Тут он замолчал и, вынув из ножен короткий меч, так называемую мизерикордию, повернул его рукоятью к Збышке:

– Поклянись же мне еще раз на этом крестике, что ты никогда не обидишь ее и будешь любить неизменно…

У Збышки вдруг даже слезы на глазах навернулись; в одно мгновение бросился он на колени и, приложив палец к рукояти, воскликнул:

– Клянусь страстями Господними, что не обижу ее и буду любить неизменно.

– Аминь, – сказал ксендз Калеб.

Тогда Юранд спрятал мизерикордию в ножны и раскрыл Збышке объятия.

– Тогда и ты мне сын…

Потом они расстались, потому что была уже поздняя ночь, а они уже несколько дней не спали как следует. Однако Збышко на следующий день встал с рассветом, потому что вчера действительно испугался, не захворал ли Юранд, и теперь хотел узнать, как старый рыцарь провел ночь.

У двери Юрандовой комнаты наткнулся он на Толиму, выходившего оттуда.

– Ну как пан? Здоров? – спросил Збышко.

Толима низко поклонился, приложил ладонь к уху и спросил:

– Что прикажете, ваша милость?

– Я спрашиваю: как себя чувствует пан? – громче повторил Збышко.

– Пан уехал.

– Куда?

– Не знаю. В латах…

XV

Рассвет уже начал белым светом озарять деревья, кусты и меловые глыбы, там и сям раскиданные по полю, когда наемный проводник, шедший рядом с лошадью Юранда, остановился и сказал:

– Позвольте мне отдохнуть, господин рыцарь, а то я совсем задохнулся. Оттепель и туман, но теперь уже недалеко…

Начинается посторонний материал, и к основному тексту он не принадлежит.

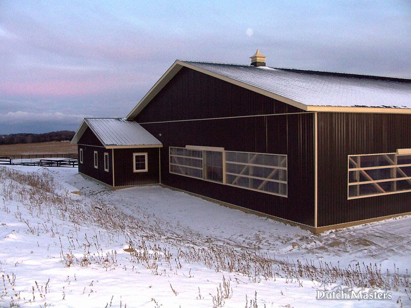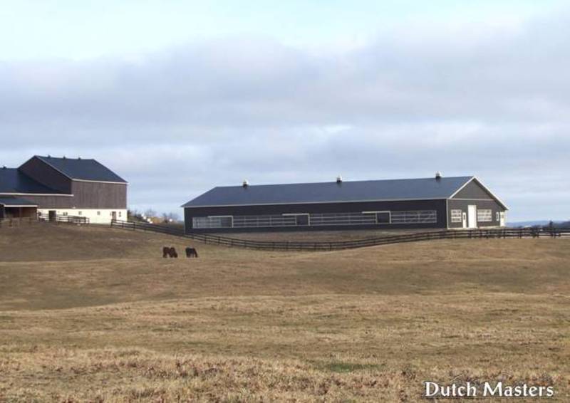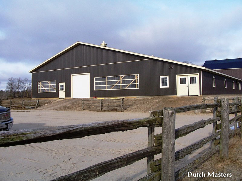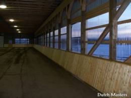 Arena with Board & Batten wall lining, sloped kickboards, vent panels and custom riding surface
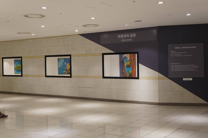 강렬한 색채와 힘찬 독수리등을 그리는 전은순작가의 초대개인전이 4월 한달간 일산 롯데백화점 Charlotte Art Studio 에서 열렸다. 작가는 대자연을 그려내는 힘있는 화풍을 통해 사람들의 마음을 움직이는 그림들을 구현한다. 이번 전시에서는 소품 20여점과 20호내외의 신작여러점 100호 크기의 대형신작까지 다채로운 작품들을 선보였다. 그동안 일반 전시들에서 볼 수 없었던 대작들도 선보여서 지나가는 지하철역 승객들과 갤러리 방문객등에게 많은 주목을 받았다. 실제로 촬영과 인터뷰를 하는 중에도 질문을 받는등 관심이 쏠렸던 전시였다. 특히 이번 전시는 갤러리위르의 특별기획으로 마련되어진 만큼 더 많은 기대 속에 이뤄졌다.
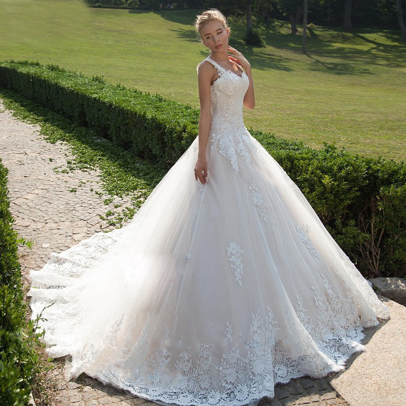 Lace Applique Turkey Bridal Gowns Ribbon Sash Tulle
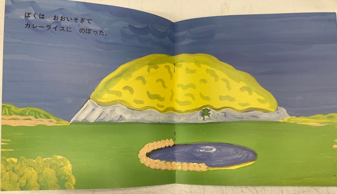 年少版だからこそなのでしょうか。絵本のたにしみに、長新太は「100000匹の蛙にカレーをすすめたら、一匹ぐらいカレーライスが大好きなのがいるはずです。自由自在にいろいろなことを考えるのはオモシロイ。」と書いています。 年少版こどものとも139号 絵本のたのしみ 1988年 福音館書店
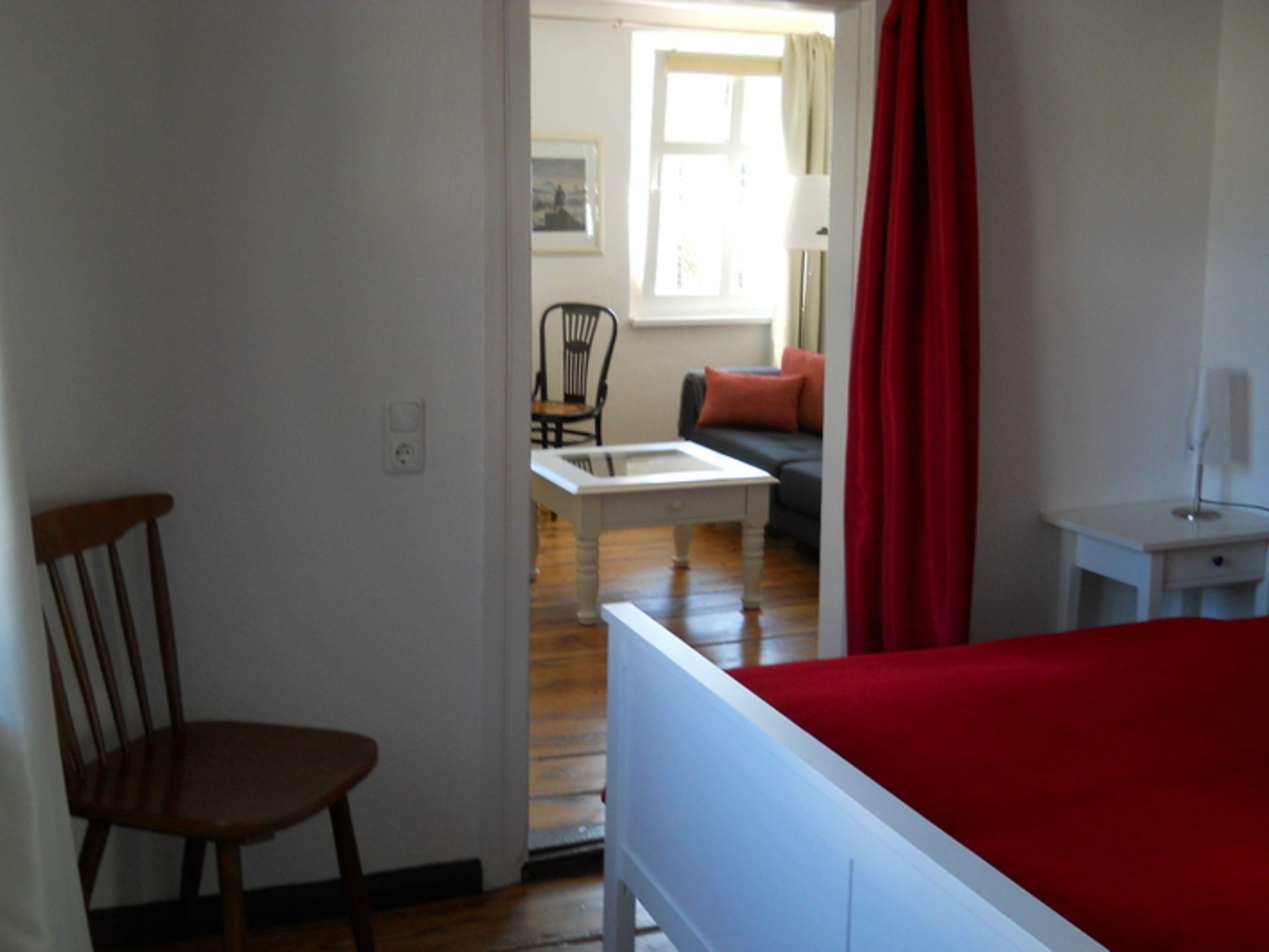 - ein großes helles Wohnzimmer mit Meerblick von 16 qm mit einer Essecke, Schlafcouch mit TV-Sat und einer voll eingerichteten Küchenzeile (Herd mit 3 Ceranfeldern, Kühlschrank,Tiefkühlfach, Toaster, Kaffeemaschine, Wasserkocher, Mini-Backofen); ein historischer Wandschrank bildet eine kleine Garderobe
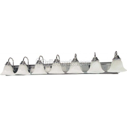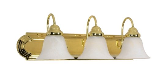 54-3850 | Three-light wall/bath light fixture with amber glass | Projection: 7 inches | Three 60-watt A19 medium bulbs | 20-1/4 x 8-3/4 |
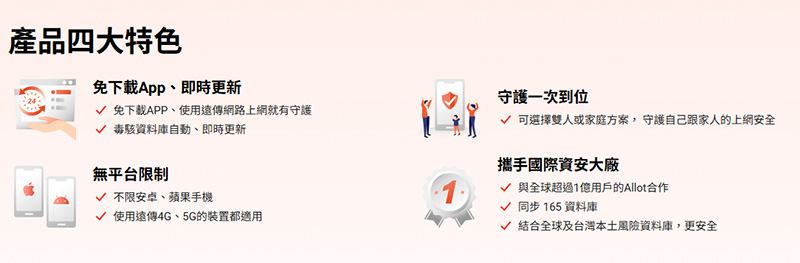 遠傳「防駭心守護」與世界級網路資安大廠Allot合作,特點為免安裝、自動更新、無平台限制,只要使用遠傳4G/5G上網就能受到保護,一旦偵測到網頁有病毒、任何惡意程式或釣魚連結,「防駭心守護」會自動攔阻,避免個資遭到未經授權的存取,同時還可以過濾與封鎖詐騙網站,幫助你的電腦與手機多一層防護。
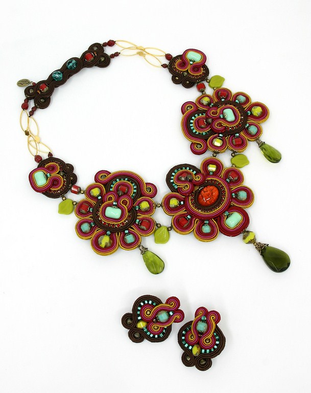 Comme les « Dream Catcher » et « Excalibur » qui sont de véritables entrelacs de passementerie et de pièces métalliques ouvragées, procurant un effet de style mystérieux et une élégance indéniable. Déesse de l’amour et de la beauté, avec le collier« Aphrodite » qui se présente avec de splendides pierres artificielles, qu’elle a choisi au gré de son humeur. A l’origine de l’inspiration de cette collection, le voyage de la créatrice en Russie. Avec un cabochon « marguerite » de verre turquoise cerné d’un vert profond symbolisant les fleurs poussant sur la mousse des arbres de la forêt. Dans la série pour laquelle nous avons eu notre coup de cœur, Seigneurs d’Orient, offre l’image de Sultans se prélassant dans des décors fastueux sur des tapis chatoyants, entre sable et ciel azur. La collection « Sultane » est un subtil mélange de tons chauds et riches qui transportent dans le rêve de lointaines contrées. Et enfin, last but not least, la collection Tsarine, qui rappelle la splendeur impériale de la Russie de la grande Catherine.
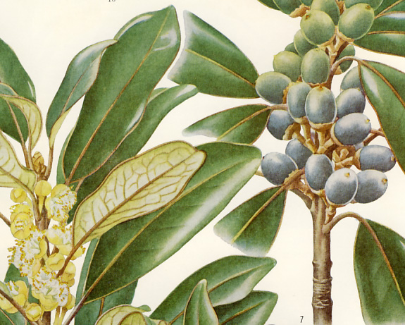 Leaves are alternate, coriaceous, entire and slightly recurved on the margin.
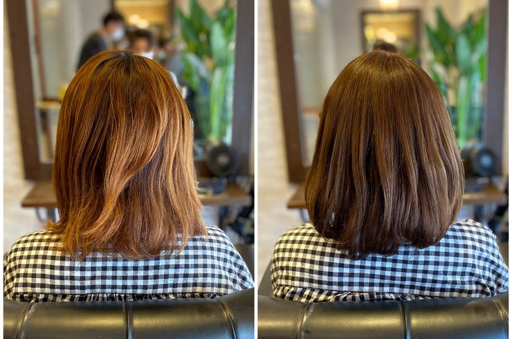 2020/07/26みなさんこんにちは(≡^∇^≡) 佐世保 美容室 PLAYのブログです! 今回のブログはスタイリストの中野が担当させてもらいます(゜∇^d)!! 今回は、当店(佐世保の美容室PLAY) 髪色の赤みが気になる方にオススメの、ツヤ感アップのダメージレス抗酸化カラー 『アドミオカラー』(クリック) を施術したお客様の紹介をしていきたいと思います!( ̄- ̄)ゞ ↓ ↓『before』↓ ↓ -
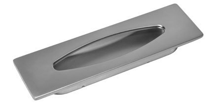 Kód produktu: 062281.47 Celokovová zápustná úchytka ze slitiny zinku, galvanicky pokovená, balená včetně šroubků M4 pro uchycení, do oválného otvoru 107x30x10mm. Rozměry: r.96 d.128 š.37 v.13 mm
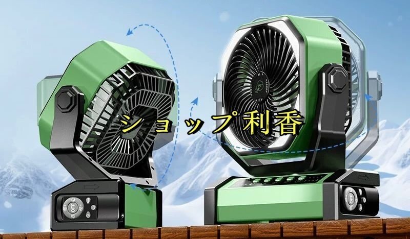 キャンプ 扇風機 20000mAh大容量 最大60時間連続使用 自動首振りリモコン付き 風量4段階調節 16枚高輝度LEDライト搭載 扇風機 持ち運び便利
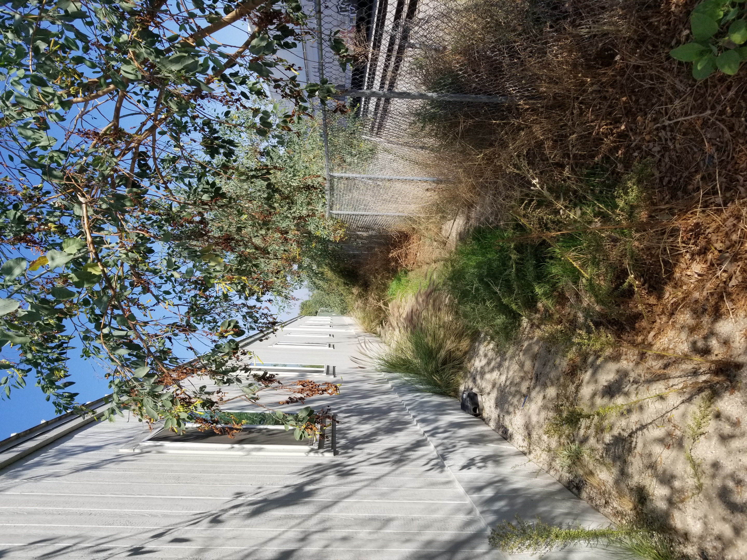 Our primary focus on November 20, 2021 will be to do the weeding around the back of the property (see the photos below). Weeds are growing between the modular units and the fence. These weeds attract animals and make the upkeep of the fence difficult. The primary goal will be to clear the area. The Rotary Club of Anaheim is arranging for some professional help to come in prior to the November 20, 2021 event. They will do some of the weed whacking and maybe cut some of the branches leaning into the property. During the event, volunteers will clear out what has been cut and continue with any weed whacking and branch removal that remains.

– Ты доведешь меня до большой дороги, а потом вернешься назад, – отвечал Юранд.

– Большая дорога будет вправо за леском, а с холма вы увидите замок.

Сказав это, мужик стал похлопывать себя руками по бедрам, потому что озяб от утренней сырости, а потом присел на камень, оттого что устал от этого еще больше.

– А ты не знаешь, комтур в замке? – спросил Юранд.

– А где же ему быть, коли он болен?

– Что же с ним?

– Люди говорят, что его польские рыцари побили, – отвечал старый мужик…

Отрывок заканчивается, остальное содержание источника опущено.